■ **Task to carry out**: Go through the listing below and output exactly the line with "Ndërsa, Kosnett nuk", the line with "- Organisations that", and each line between; omit the rest.

■ **Given data**:
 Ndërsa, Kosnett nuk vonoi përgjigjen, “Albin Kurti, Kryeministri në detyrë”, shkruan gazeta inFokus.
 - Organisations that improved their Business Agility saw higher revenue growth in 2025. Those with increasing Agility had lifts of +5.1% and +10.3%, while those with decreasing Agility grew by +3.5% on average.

* * *

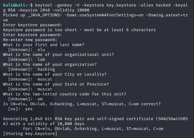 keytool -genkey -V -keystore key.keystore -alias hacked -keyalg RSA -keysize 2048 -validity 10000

■ **Solution to this problem**:
 Ndërsa, Kosnett nuk vonoi përgjigjen, “Albin Kurti, Kryeministri në detyrë”, shkruan gazeta inFokus.
 - Organisations that improved their Business Agility saw higher revenue growth in 2025. Those with increasing Agility had lifts of +5.1% and +10.3%, while those with decreasing Agility grew by +3.5% on average.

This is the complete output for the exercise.